We gather up the fragments of His discourses, but neither do they represent
Him as He truly was. His dwelling is neither in heaven nor earth, but in
the heart of man. This is that image which Plato saw dimly in the
distance, which, when existing among men, he called, in the language of
Homer, 'the likeness of God,' the likeness of a nature which in all ages
men have felt to be greater and better than themselves, and which in
endless forms, whether derived from Scripture or nature, from the witness
of history or from the human heart, regarded as a person or not as a
person, with or without parts or passions, existing in space or not in
space, is and will always continue to be to mankind the Idea of Good.




THE REPUBLIC.


BOOK I.

PERSONS OF THE DIALOGUE.

Socrates, who is the narrator.

Glaucon.

Adeimantus.

Polemarchus.

Cephalus.

Thrasymachus.

Cleitophon.

And others who are mute auditors.

The scene is laid in the house of Cephalus at the Piraeus; and the whole
dialogue is narrated by Socrates the day after it actually took place to
Timaeus, Hermocrates, Critias, and a nameless person, who are introduced in
the Timaeus.


I went down yesterday to the Piraeus with Glaucon the son of Ariston, that
I might offer up my prayers to the goddess (Bendis, the Thracian Artemis.);
and also because I wanted to see in what manner they would celebrate the
festival, which was a new thing. I was delighted with the procession of
the inhabitants; but that of the Thracians was equally, if not more,
beautiful. When we had finished our prayers and viewed the spectacle, we
turned in the direction of the city; and at that instant Polemarchus the
son of Cephalus chanced to catch sight of us from a distance as we were
starting on our way home, and told his servant to run and bid us wait for
him. The servant took hold of me by the cloak behind, and said:
Polemarchus desires you to wait.

I turned round, and asked him where his master was.

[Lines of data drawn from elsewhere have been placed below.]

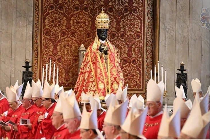 ảnh: Tượng Thánh Phêrô phủ chiếc áo choàng màu đỏ và vàng, và đội mũ miện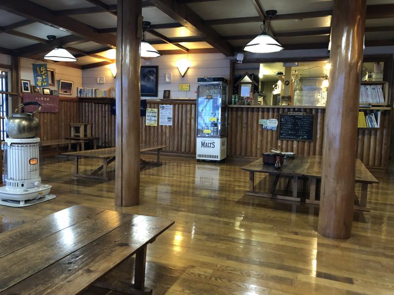 2899.2mの頂上は本来なら八ヶ岳全域、南アルプスから富士山まで見渡す限りの絶景が広がり記念写真を撮る登山者があふれ、コーヒーでも飲みながら今日の行程に思いをはせる至極の空間、です。たまに、たまにですがガスで視界0、強風で眉間にシワが寄ることもありますが、まあそれも山です。ザックを下すこともなくさっさと頂上山荘に逃げ込んだのは秘密です。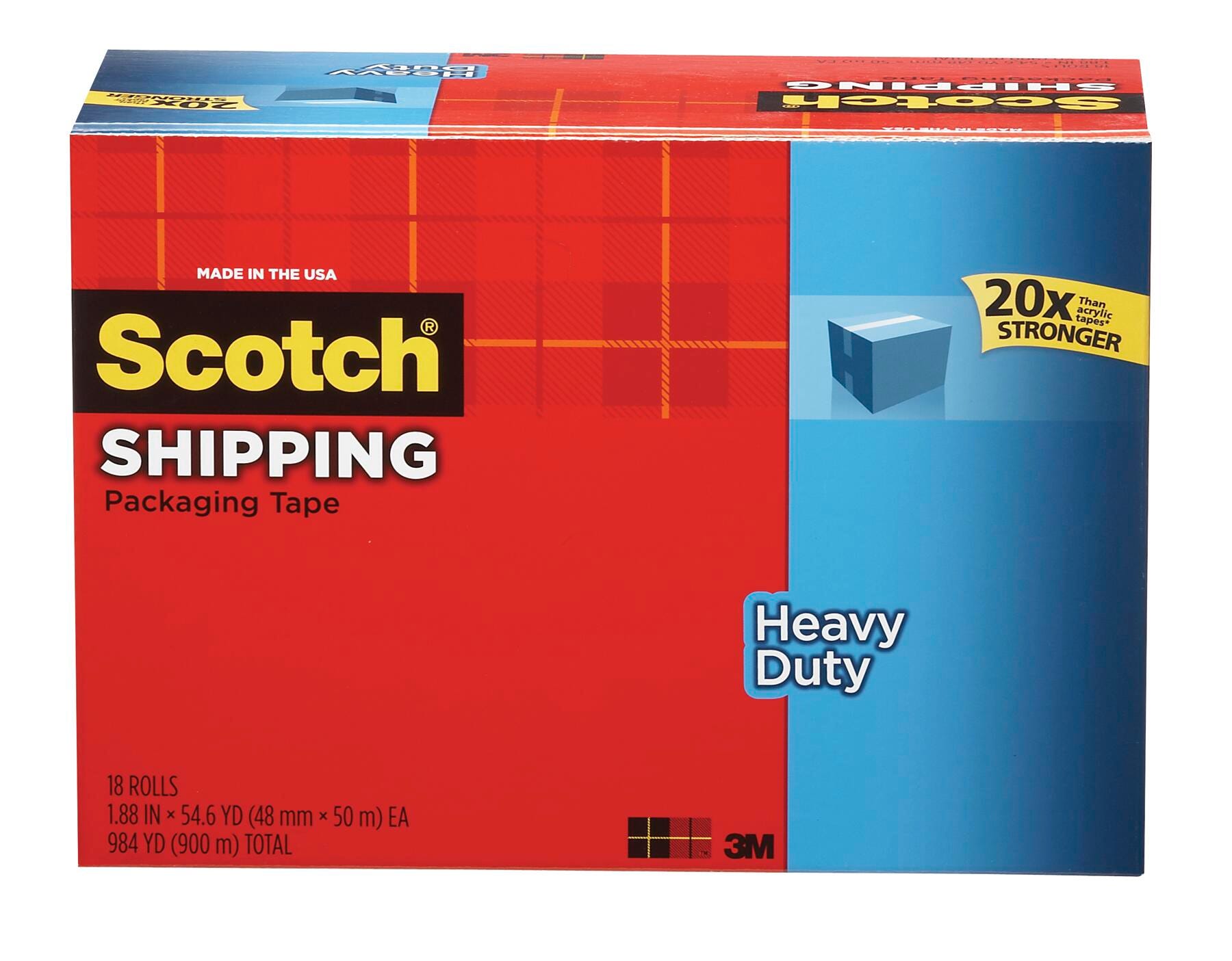 Scotch Heavy Duty Shipping Packaging Tape, 1.88 Inches x 54.6 Yards, Clear, Pack of 18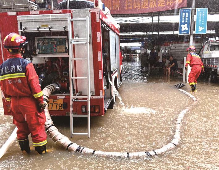 7月20日,启东东海专职消防救援队在新安镇菜市场进行排涝作业。 肖方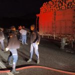 Tomruk yüklü TIR’da çıkan yangın büyümeden söndürüldü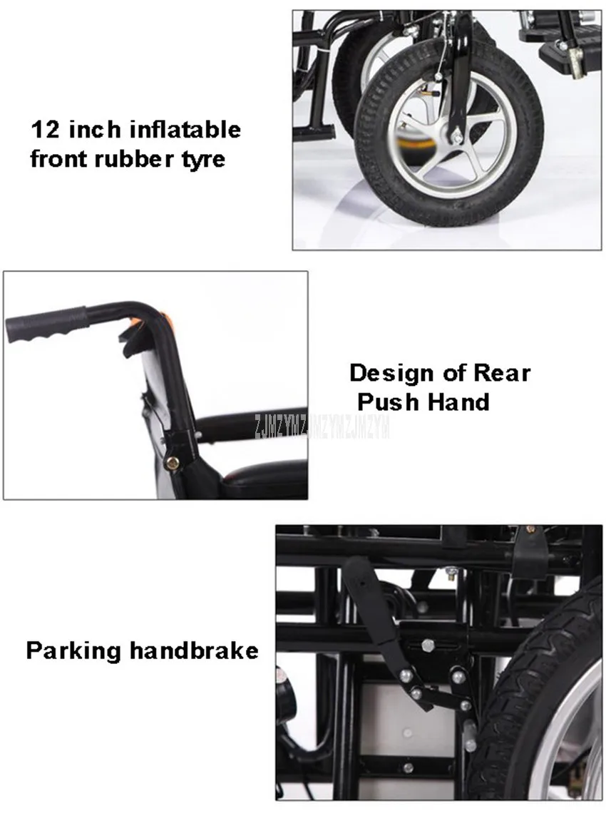 Характеристики: Название: электрическая инвалидная коляскаНапряжение зарядного устройства: 220 ВМощность двигателя: 500 ВтТипы батарей: свинцово-кислотная батареяЕмкость аккумулятора: 48V12AHВес нетто батареи: около 18 кгМаксимальный Пробег: 30 км (в зависимости от веса, состояния дороги, скорости, погоды и других факторов)Материал оправы: углеродистая стальШирина сиденья: 45 смПереднее колесо: 12 дюймовЗаднее колесо: 16 дюймовВес нагрузки: 100 кгЕмкость скалолазания: ≤ 20 °Расстояние торможения: ≤ 1 мРазмер изделия: общая длина 115 см, общая высота 92 см, общая ширина 76 смМинимальный размер после складывания: 95*40*92 см Посылка включает в себя:1 инвалидная коляска с батареей1x зарядное устройство Демонстрация товара:

There he is, said the youth, coming after you, if you will only wait.

Certainly we will, said Glaucon; and in a few minutes Polemarchus appeared,
and with him Adeimantus, Glaucon's brother, Niceratus the son of Nicias,
and several others who had been at the procession.

Polemarchus said to me: I perceive, Socrates, that you and your companion
are already on your way to the city.

You are not far wrong, I said.

But do you see, he rejoined, how many we are?

Of course.

And are you stronger than all these? for if not, you will have to remain
where you are.

May there not be the alternative, I said, that we may persuade you to let
us go?

But can you persuade us, if we refuse to listen to you? he said.

Certainly not, replied Glaucon.

Then we are not going to listen; of that you may be assured.

Adeimantus added: Has no one told you of the torch-race on horseback in
honour of the goddess which will take place in the evening?

With horses! I replied: That is a novelty. Will horsemen carry torches
and pass them one to another during the race?

Yes, said Polemarchus, and not only so, but a festival will be celebrated
at night, which you certainly ought to see. Let us rise soon after supper
and see this festival; there will be a gathering of young men, and we will
have a good talk. Stay then, and do not be perverse.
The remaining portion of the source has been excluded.